Historic Worst Decline in Maritime Cargo Volume Due to COVID-19
Shipbuilders' Stock Prices Plunge Amid Past Cargo Volume Declines
Qatar Windfall Merely Temporary Boost to Stock Prices
[Asia Economy Reporter Minji Lee] There is a forecast that the corporate value of the shipbuilding industry in the fourth quarter will deteriorate further as the second half progresses. This is because maritime cargo volume has plummeted to an all-time low due to the spread of the novel coronavirus disease (COVID-19), and shipowners' order volumes are almost nonexistent.
According to SK Securities on the 27th, the cumulative ship orders as of August amounted to only 8.12 million CGT. Assuming the current trend of order volumes continues, it is projected that this year's order volume will decrease by 57% compared to the same period last year.
▲A domestic shipbuilding company delivered the world's first natural gas-powered LNG carrier last year (photo unrelated to the article content)
Looking back at the Lehman Brothers crisis, the maritime cargo volume in 2009 recorded 8.265 billion tons, down 4.12% from the previous year (8.62 billion tons), as the long-term recession phase persisted. Even before Lehman Brothers filed for bankruptcy protection on September 15, 2008, shipowners' order volumes sharply declined amid growing concerns over financial tightening. In 2009, ship orders fell by 68% compared to the same period the previous year, totaling only 17.56 million CGT. The stock prices of domestic shipbuilders, which ranked first in the global shipbuilding industry, also underwent significant adjustments.
Seungwoo Yoo, a researcher at SK Securities, explained, "It took quite a long time for stock prices and maritime cargo volumes to recover from the decline at that time. Cargo volumes only began to recover around 2010, and shipbuilders' stock prices started to recover in earnest from 2019."
Since it is uncertain when the recession caused by COVID-19 will recover, it is expected that it will take a long time for maritime cargo volumes to rebound as well. Currently, Clarkson Research forecasts that this year's maritime cargo volume will be 11.24 billion tons, a 5.24% decrease compared to last year's 11.86 billion tons. Researcher Yoo analyzed, "It is expected to experience the largest decline since records began, and given the significant drop, the recession could last even longer than the Lehman Brothers crisis."
The outlook for the shipbuilding industry in the fourth quarter is also negative. Corporate values are expected to worsen as the second half progresses. Looking at the monthly new ship price trends up to August, new ship prices, mainly for VLCCs and bulk carriers, have been rapidly declining since April. Although bulk carriers are not a ship type ordered by domestic shipbuilders and can be excluded, the sharp decline in VLCC prices is negative. Container ships have also recorded a slight downward trend since April, with only LNG carriers holding steady.

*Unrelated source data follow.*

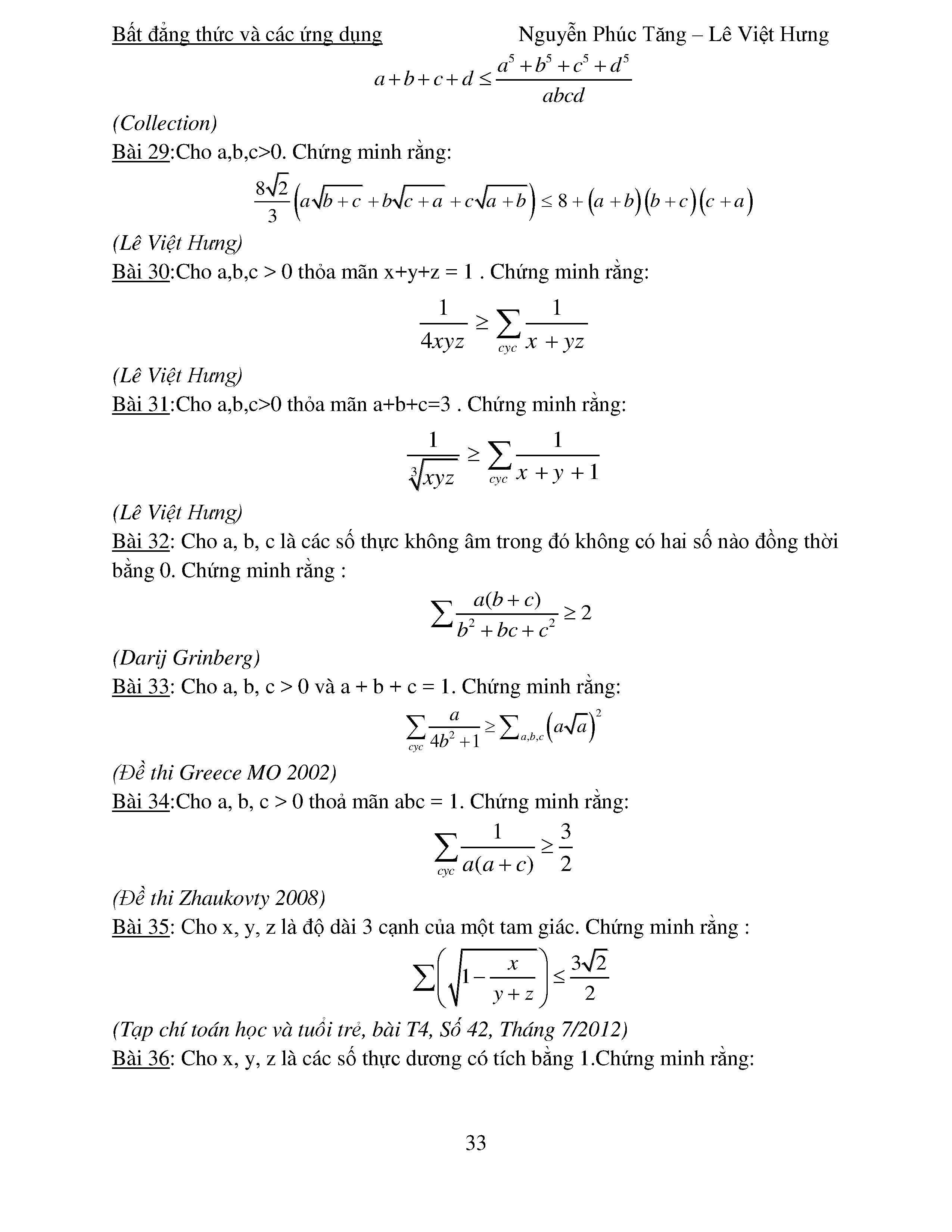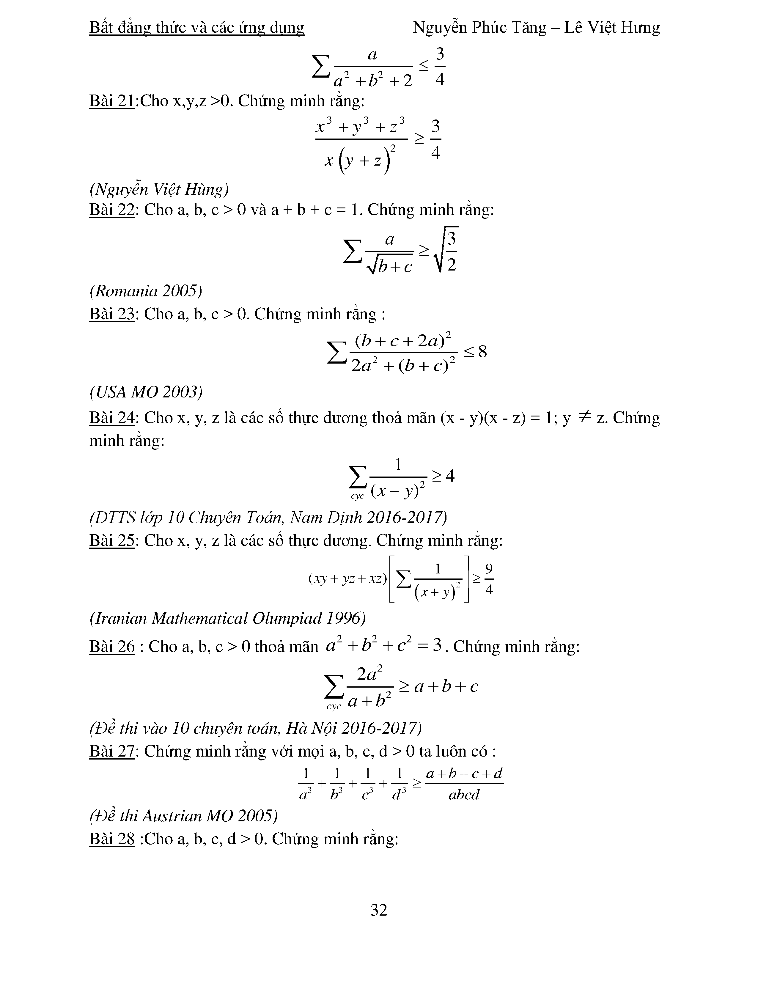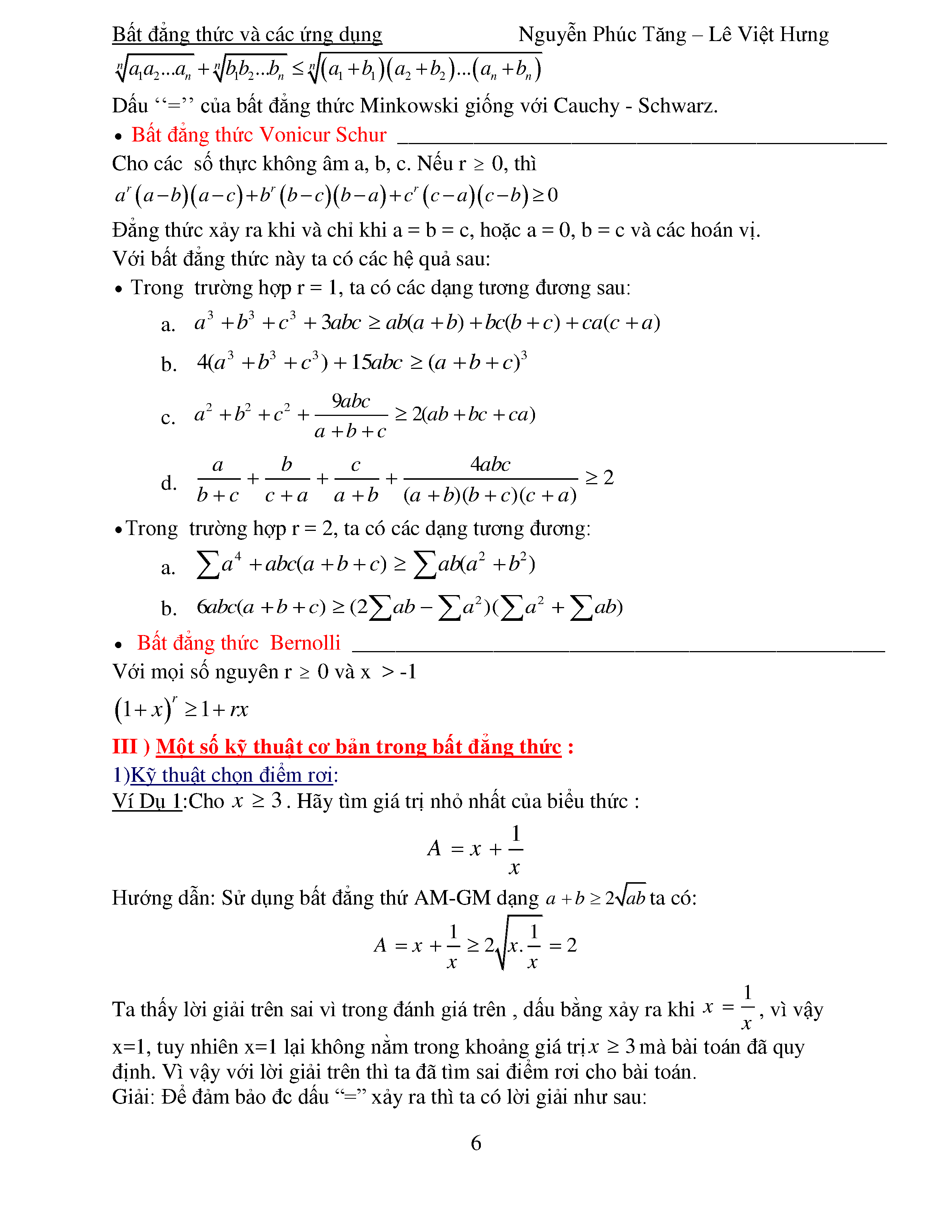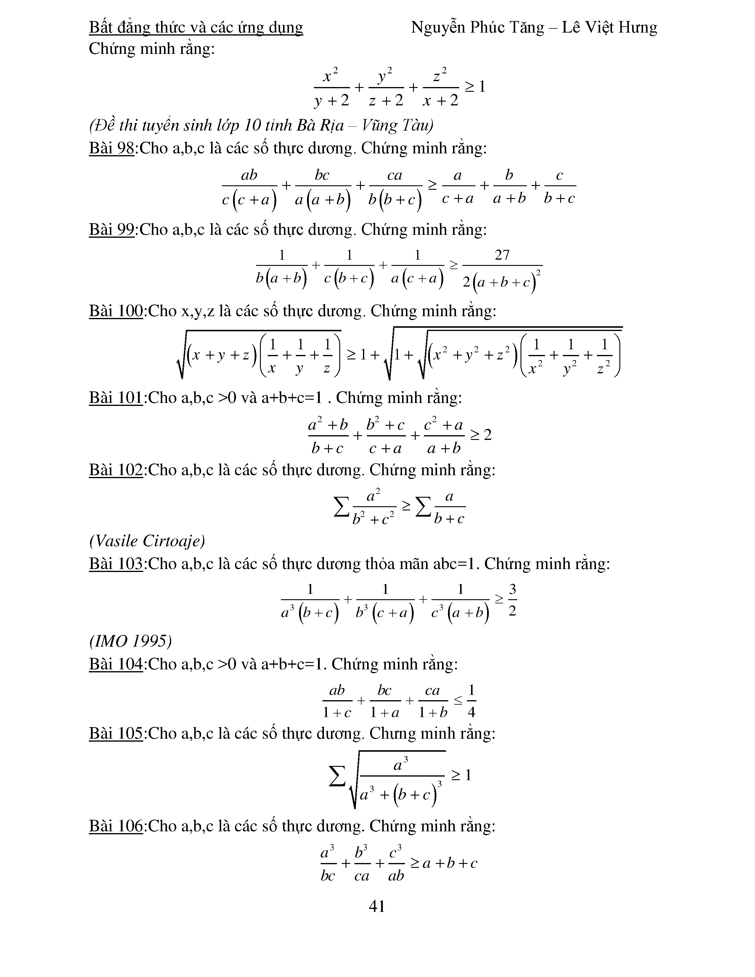 Bất đẳng thức và các ứng dụng Bất đẳng thức
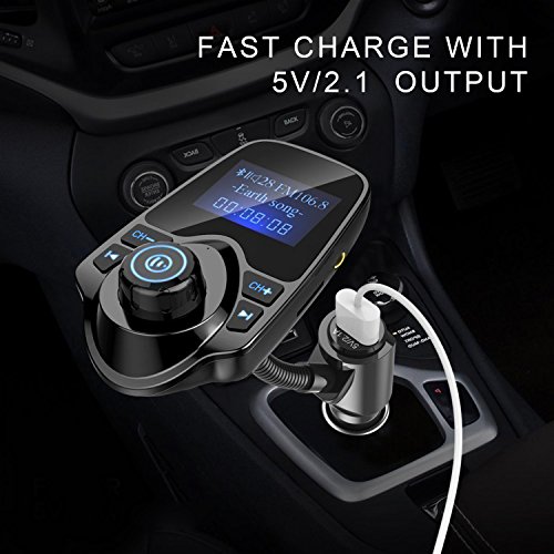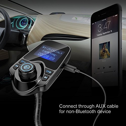 - 【Hands-free Calling】Built-in microphone, the Bluetooth FM transmitter enables you to answer, hang up, reject a call or redial the last number with ease. Furthermore, the transmitter will automatically connect to its last paired Bluetooth device when powers on next time.
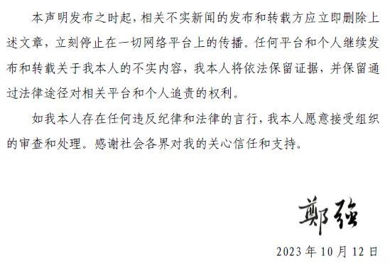 郑强就此发布声明,账号“华趣”所发布的全部文字与图片内容均为恶意编造、虚构的不实信息,已向警方报案。全文如下——
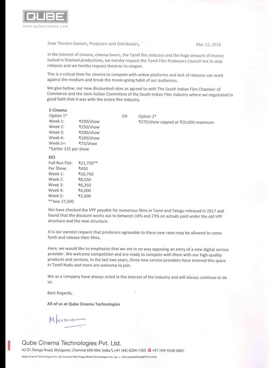 In the battle between Digital Service Providers' major player QUBE and the Tamil Nadu Film Producers' Council, QUBE representatives have issued out a statement appealing directly to the producers, theatre owners and distributors of the Tamil Film industry in lieu of the proposed strikes from March 16, 2018. It is worth mentioning here that the ownership of digital projectors, which remains the contention of the ongoing strike has not been addressed in the statement.
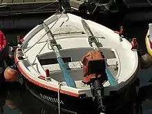 It is a clinker-built boat, typically around 4.5 m (15 ft) long and 1.5 m (4.9 ft) broad. It has at least a two-man crew: a skipper who handles the tiller (which extends forward from the stern under the hull), and a seaman who manages the headsail. It may, however, have a crew of three or four. It has oars for propulsion for when there is no wind. Modern boats may be fitted with an auxiliary outboard motor. Swedish scholar Staffan Mörling and Galician scholar Xaquín Lorenzo have suggested that the design may have been inspired by that of Viking 'dragon ships'.
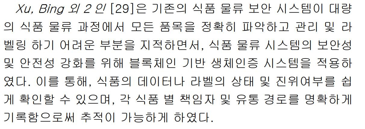 읽다가 관심을 끄는 추가적인 정보가 나왔을 경우, 해당 논문을 추가적으로 확인해서 더 많은 정보를 얻어보자. 예를 들어 XU, Bing 외 2인의 식품 물류 보안 시스템에 블록체인 기술을 적용하는 방안에 관심이 생겼다면, 해당 논문을 읽어보자.
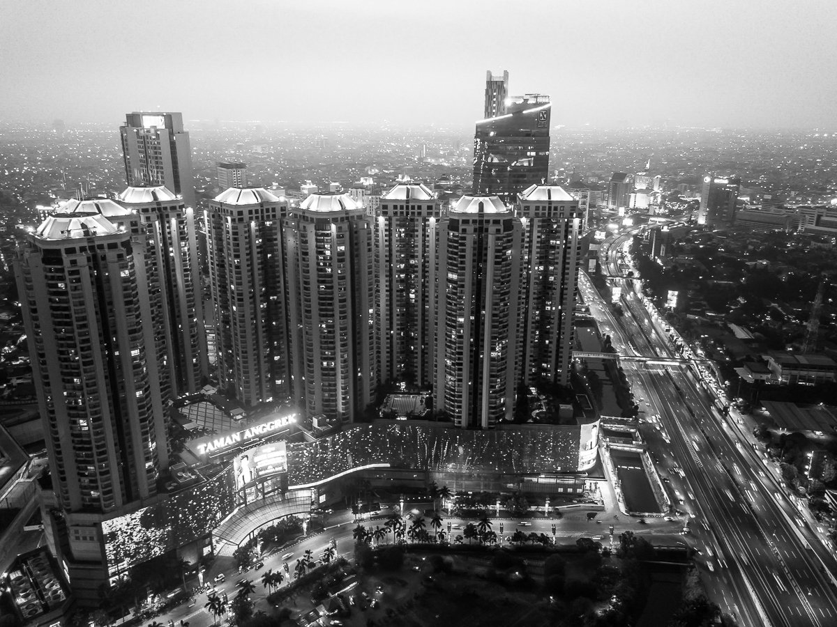 4×3, Aerial, Aerial Photography, Asia, Black and White, Cityscape, Drone, Indonesia, Jakarta, Night photography, street light
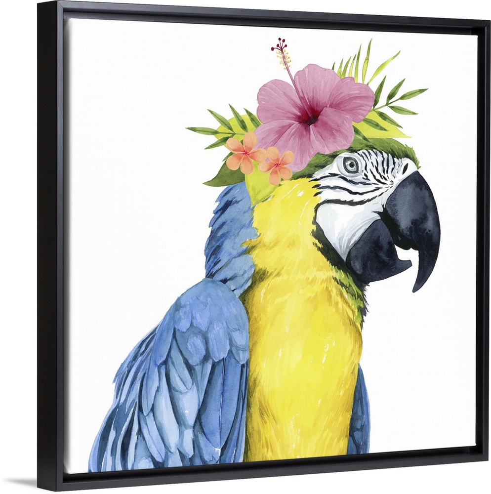 <p>This decorative artwork features an adorable parrot over a white background with a tropical flower crown on its head.</p>
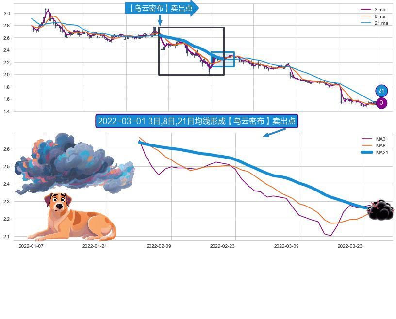 形态多维评估: ⚀ 2022-01-28日-2022-03-25日显现 3日-8日-21日均线 【乌云密布】卖出点 看空信号,后市看跌,卖出
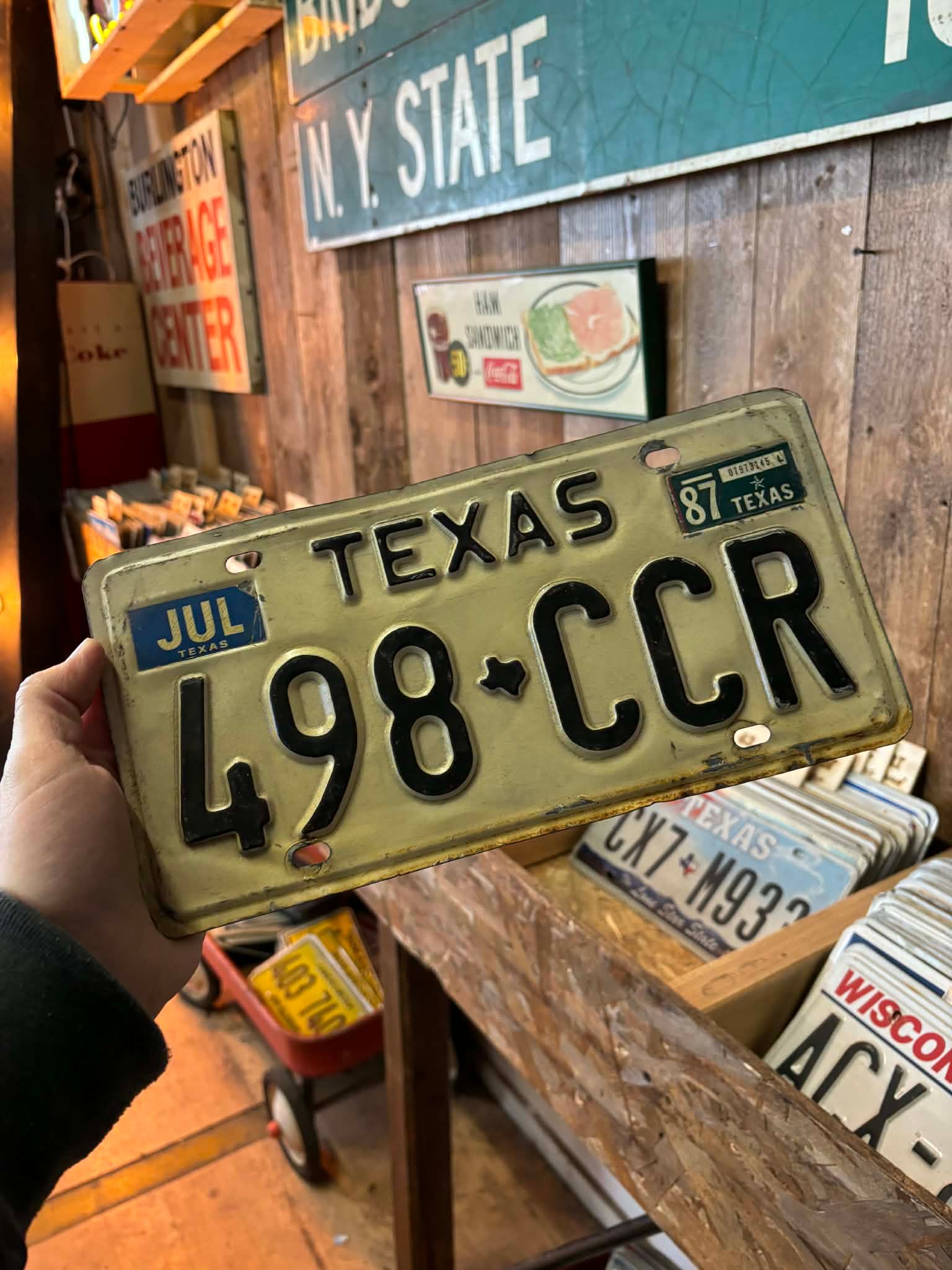 Il s’agit d’un ancien modèle avec fond beige et lettrage noir en relief, accompagné de la petite étoile texane entre les caractères. On retrouve également la vignette JUL et l’année 87, ce qui en fait une belle pièce rétro pour les amateurs de déco USA.
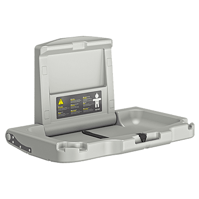 Pie sienas stiprināms pārtinamais galds. Ar regulējamu siksnu lieliski pielāgojas tikko aprūpētā mazuļa formai. Zīdaiņiem līdz 11 kg vai 12 mēnešiem. Augsta blīvuma polietilēns (HDPE). Vietas taupīšana: saglabāta vertikālā stāvoklī. Palēnināta nolaišanās. Viegli kopjams: virsmu ir viegli tīrīt. Atbilst Eiropas standartam EN 12221. Izmēri: atvērtā stāvoklī 855 x 585 x 495 mm, aizvērtā stāvoklī 855 x 585 x 107 mm. Pārtinamo galda svars: 11,5 kg. Pie sienas stiprināms pārtinamais galds ar 30 gadu garantiju.
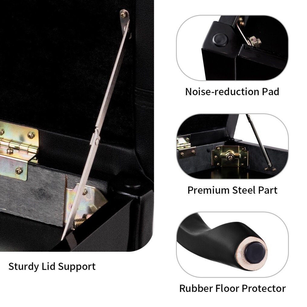 Built-in Storage Compartment: There is a large built-in storage compartment under the seat for storing music, books or other items. The top lid and hidden storage are connected by premium bracket lock which can hold the seat lid in fully open position.
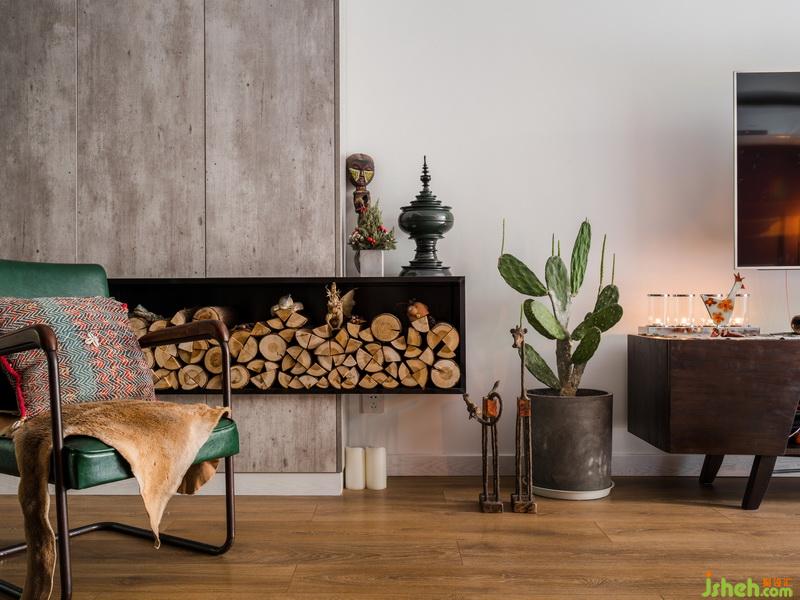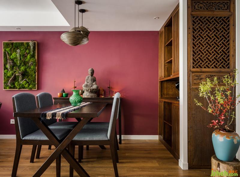 “這里是整個客廳最具中國風的地方,貝殼燈、佛像、燭臺、還有碧色花瓶等等都被集中在了這一處。”室內設計師邵介紹說。
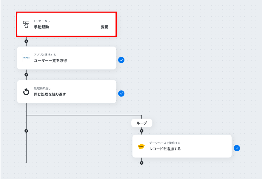 はじめに、HRMOS勤怠とkintoneをYoomと連携します。 次に、トリガーで「手動でフローボットを起動」を設定します。 オペレーションで、HRMOS勤怠の「ユーザー一覧を取得する」アクションを設定します。 次に、「繰り返し機能」を設定し、取得したユーザー一覧のデータをもとに後続の処理を行うようにします。 最後に繰り返しの処理の中で、kintoneの「レコードを追加する」アクションを設定し、取得したユーザー情報を指定のアプリに記録します。 ※「トリガー」:フロー起動のきっかけとなるアクション、「オペレーション」:トリガー起動後、フロー内で処理を行うアクション■このワークフローのカスタムポイント
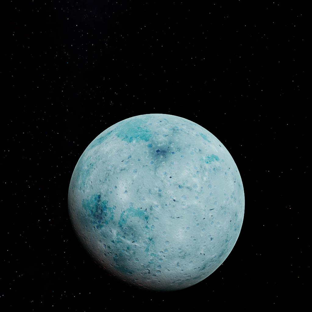 An icy celestial body, the second moon of Nirethyon, being the second moon to it's parent, its ice has thinned, and the top layer has been observed to be only 5km thick, leading to the formation of deep blue "Portals" into its subsurface ocean. The creation of the crevices has lead to the increase in the moons atmospheric density. It appears to lack any form of geothermal or volcanic activity except for a few spots, such as one known as Gonatu crater, where the Inquiry 3 rover was sent, with a theorised undersea volcano due to the observed high temperature area of blue ice, indicating melting. The surface is littered with craters due to its proximity to Nirethyon's B ring, and the impacts have caused the creation of the sparse C ring

Researcher Yoo said, "Over the past two years, the industry has been sustained by the advances of Korea Shipbuilding & Offshore Engineering and Samsung Heavy Industries, but there is no sign of an increase in the combined order backlog of the three companies including Daewoo Shipbuilding & Marine Engineering. Thanks to Korea Shipbuilding & Offshore Engineering and Samsung Heavy Industries securing some LNG carrier and VLCC orders, new ship prices managed to hold up in 2019, but if cargo volumes decline, the downward trend in new ship prices will be unavoidable."
The Qatar LNG carrier orders are not an immediate positive factor for the three domestic shipbuilders. Since these are slow reservations and not confirmed orders, the actual order volume may change. As of the end of last year, cumulative shipbuilding orders for each company were $4.2 billion for Korea Shipbuilding & Offshore Engineering, $700 million for Samsung Heavy Industries, and $1.53 billion for Daewoo Shipbuilding & Marine Engineering, indicating a sluggish situation. Even when combined with Qatar orders, the achievement rates against this year's order targets are 34.5%, 23.6%, and 39%, respectively. Researcher Yoo stated, "The Qatar factor only led to a temporary stock price increase. Since a recession in the second half is inevitable, it should be seen as a warning sign for achieving the annual order targets."